Figure 2-1 shows the opening display of Cloudera Manager, which is the Services page.

Figure 2-1 Cloudera Manager Services Page

Description of Figure 2-1 follows
Description of "Figure 2-1 Cloudera Manager Services Page"

2.1.2 Performing Administrative Tasks

As a Cloudera Manager administrator, you can change various properties for monitoring the health and use of Oracle Big Data Appliance, add users, and set up Kerberos security.

To access Cloudera Manager Administration: 

  1. Log in to Cloudera Manager with administrative privileges.
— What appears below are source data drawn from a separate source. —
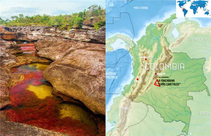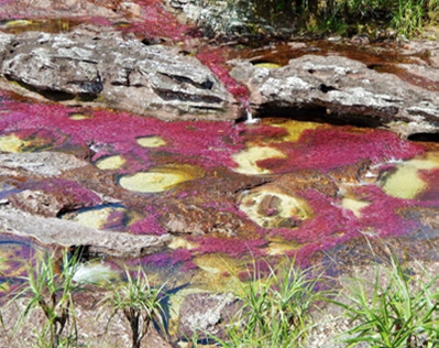 Surnommée parfois «rivière aux cinq couleurs», Caño Cristales doit sa teinte à la Macarenia clavigera, une plante aquatique (algue endémique) qui colore les fonds rocheux entre juin et novembre.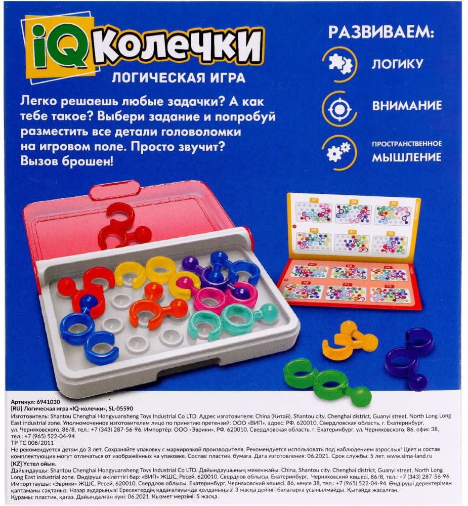Серия: Игры-головоломки «IQ-колечки» — Настольная игра для детей от 7 лет. Увлекательная настолка соберёт всю семью за одним столом и поможет весело провести время. Такое развлечение надолго увлечёт непоседу, развивая мелкую моторику и логическое мышление. |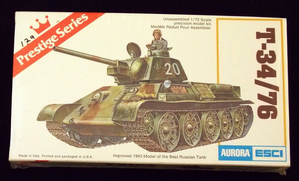 Aurora ESCI - 1/72 Scale T 34 / 76 Military Vehicl Unbuilt Model Kit in Original Packaging. Comes as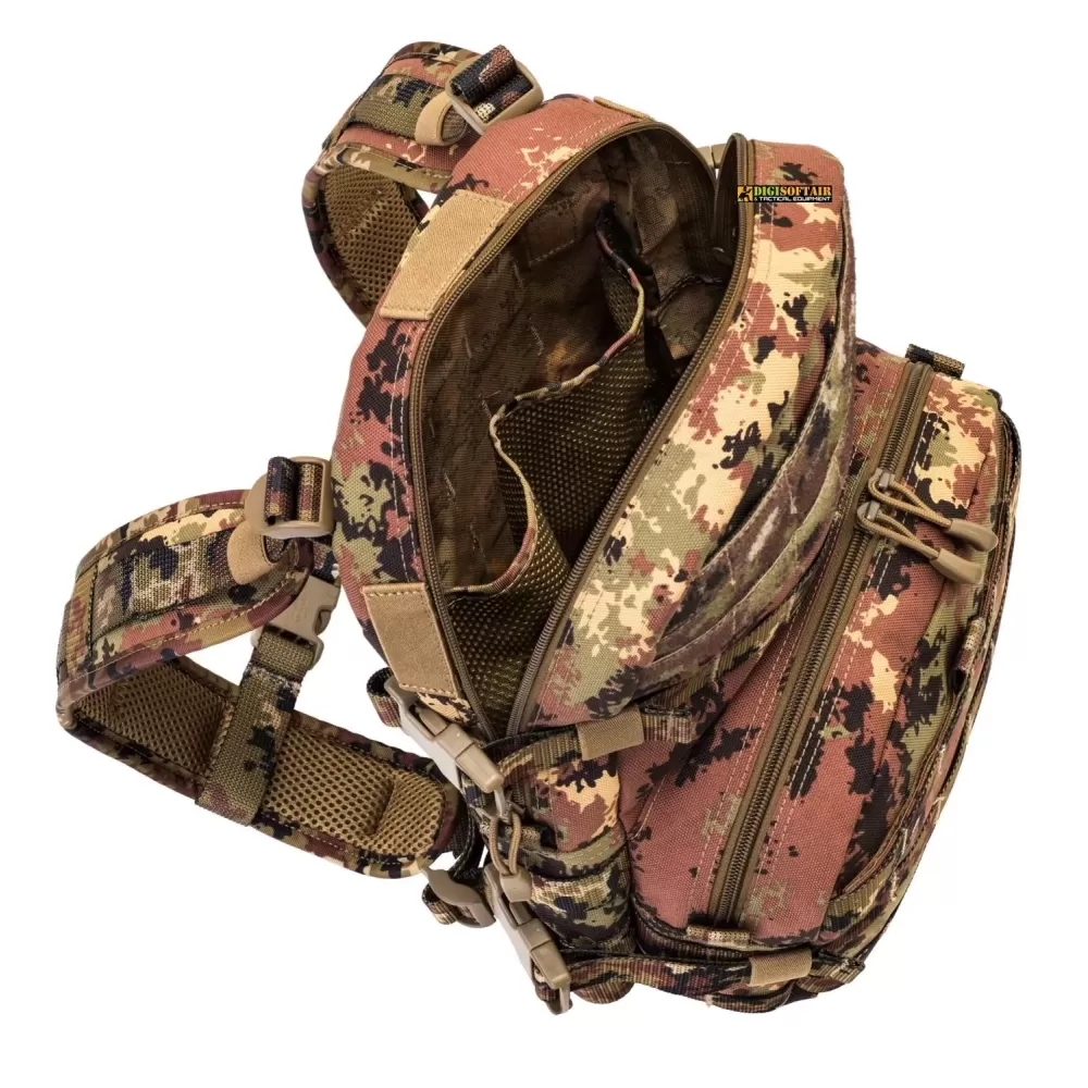 - Six vertical bands on the back for anchoring the backpack to the plate carrier.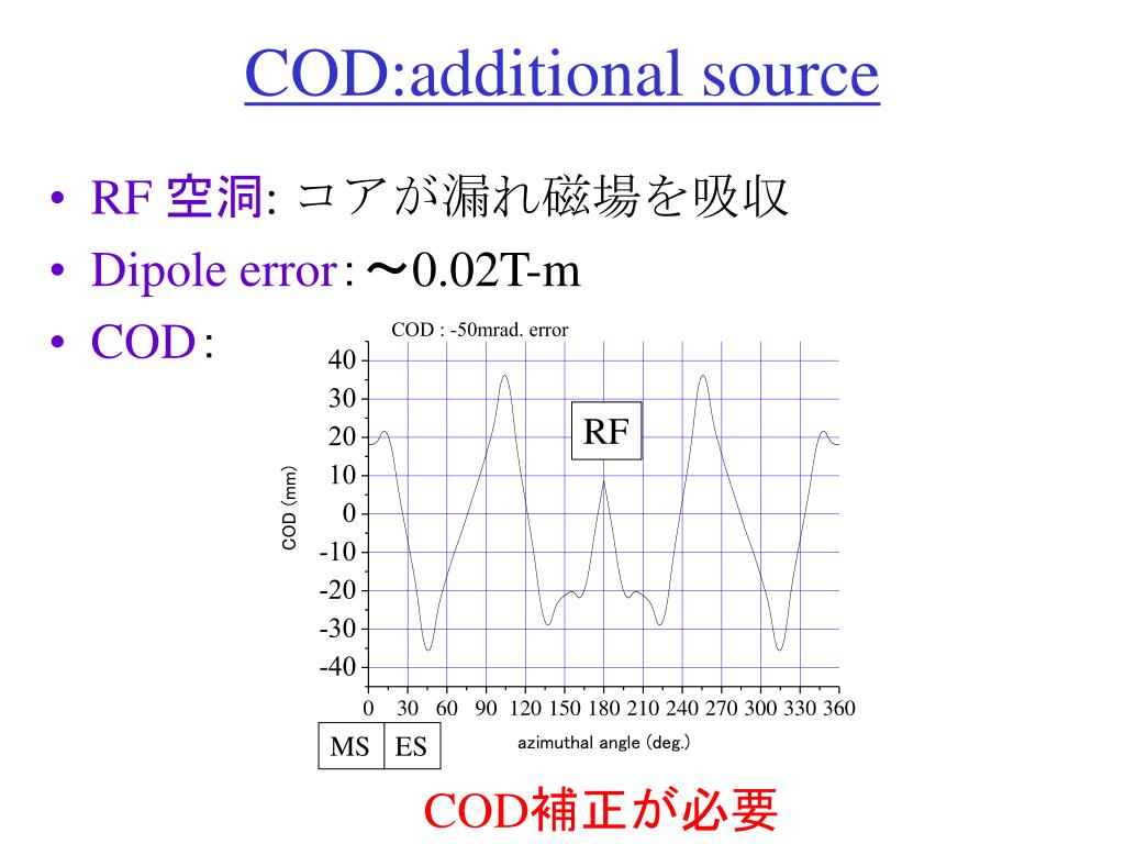 COD:additional source • RF 空洞: コアが漏れ磁場を吸収 • Dipole error:~0.02T-m • COD: RF MS ES COD補正が必要

  2. Click Welcome admin at the top right of the page.

2.1.3 Collecting Diagnostic Information

If you need help from Oracle Support to troubleshoot CDH issues, then you should first collect diagnostic information using Cloudera Manager.

To collect diagnostic information about CDH: 

  1. Log in to Cloudera Manager with administrative privileges.

  2. From the Help menu, click Send Diagnostic Data.

  3. Verify that Send Diagnostic Data to Cloudera Automatically is not selected. Keep the other default settings.

  4. Click Collect Host Statistics Globally.

  5. Wait while all statistics are collected on all nodes.

  6. Click Download Result Data and save the ZIP file with the default name. It identifies your CDH license.

  7. Go to My Oracle Support at http://support.oracle.com.

  8. Open a Service Request (SR) if you have not already done so.

  9. Upload the ZIP file into the SR. If the file is too large, then upload it to ftp.oracle.com, as described in the next procedure.

To upload the diagnostics to ftp.oracle.com: 

  1. Open an FTP client and connect to ftp.oracle.com.

    You can use an FTP client such as WinSCP4 to upload the ZIP file. See Example 2-1 if you are using a command-line FTP client.

  2. Log in as user anonymous and leave the password blank.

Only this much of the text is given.